Мама подлетает ко мне и обнимает так крепко, что становится больно. Глаза у нее совсем дикие, полные тревоги.
– Где ты была? – шепотом кричит она. – Кэтлин с тобой?
– Гуляла, – слабым голосом отвечаю я.
Хочу отодвинуться и прочитать на ее лице, что случилось.
– Ты должна была спать в своей кровати! – Мама бледная как смерть. – Я зашла проверить, все ли в порядке, а вас нет! Ох, милая.
Кнопка гоняет под столом серый комок пыли. Его глаза поблескивают в полумраке. Всклокоченная шерсть торчит в разные стороны. Я слежу за ним одним глазом, потому что второй прижат к маминой груди. От нее пахнет духами и по́том.
Наконец я выворачиваюсь из ее объятий:
– Погоди. Мам, где Кэтлин?
– Брайан поехал в паб к Донохью… на случай, если она с этим парнем. Лоном. Я думала, вы ушли вместе. Или ты отправилась за ней, чтобы вернуть домой. Я нашла в комнате Кэтлин записку – она оставила ее на алтаре.
Я подбираю со стола клочок бумаги – вырванную из старой книги страницу, плотную, пожелтевшую, слегка помятую. Почерк определенно принадлежит Кэтлин. Черные чернила намертво впечатались в бумагу – она явно изо всех сил нажимала на ручку, чтобы доказать серьезность своих намерений:
«Вы не сможете нас разлучить, ведь мы одна душа, живущая в двух телах. И пока вы не поймете, мы не вернемся».
– Какая чушь! – восклицаю я. – Что она задумала?
Если бы я услышала, что Кэтлин ушла, я бы сразу бросилась за ней. Проблема в том, что в это время я тискалась с очаровательной француженкой в маленькой хижине в горах. Я просто ужасная сестра. Что же нам теперь делать?
– Понятия не имею, – вздыхает мама. – Ты получила мое сообщение?
– Я не взяла с собой телефон.
Бегу наверх за мобильным – я оставила его на диванчике у потайной двери. Толкаю стену, спеша проверить, на месте ли он. Конечно же на месте. Это замок играет с моим разумом злые шутки.
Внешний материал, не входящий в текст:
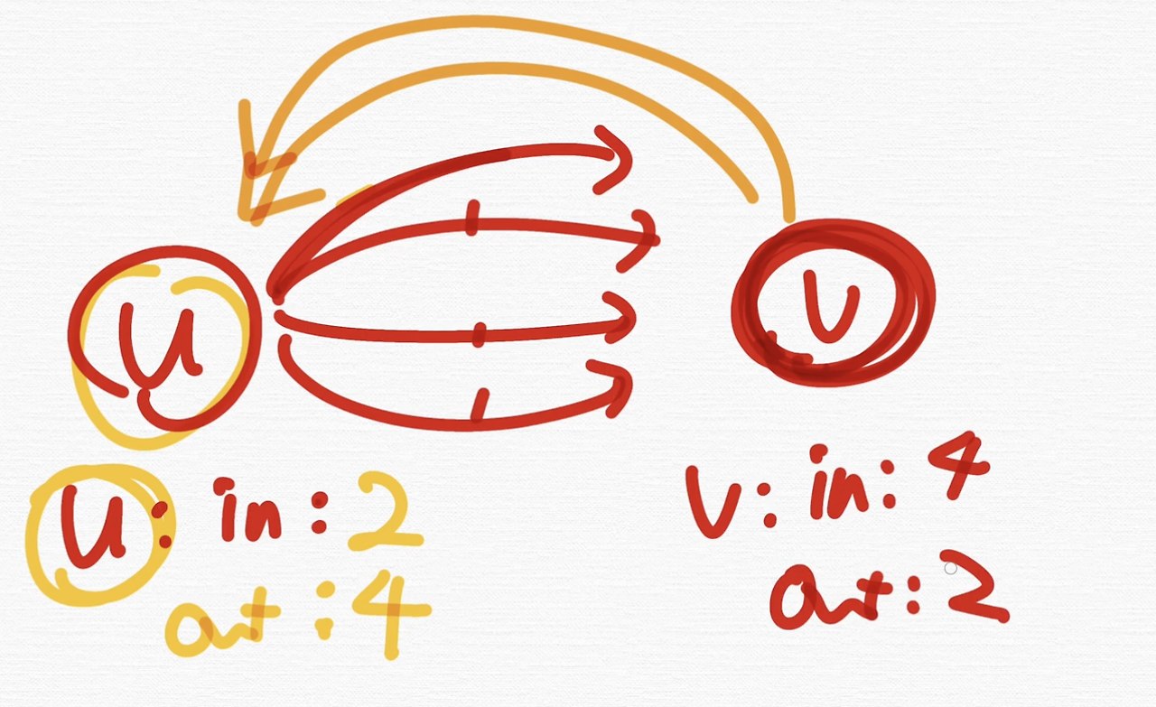 'u의 outdegree가 4개구나' 라고 하는 거예요. 그러니까 정점과 정점을 잇는 간선이 무조건 하나가 아니라는 거예요.

На экране высвечиваются сообщения от мамы, от Уны и одно с незнакомого номера. Открываю и вижу фотографию Лона и Кэтлин, сделанную у нее в комнате. Они сфотографировали свое отражение в зеркале. Я вижу только широкую спину Лона и дерзкое лицо Кэтлин. Воротник его рубашки расстегнут, один уголок торчит вниз, другой – вверх. Комната погружена в полумрак, словно кто-то приглушил свет. На алтаре тускло мерцают свечи, озаряя статуэтки Девы Марии. Под фотографией подпись: «Настоящая любовь никогда не умрет».
Кэтлин по-прежнему злится, но все-таки отправляет мне весточку. Чтобы держать меня в курсе или помучить. На самом деле это неважно. Главное, теперь у нас есть хоть какая-то подсказка.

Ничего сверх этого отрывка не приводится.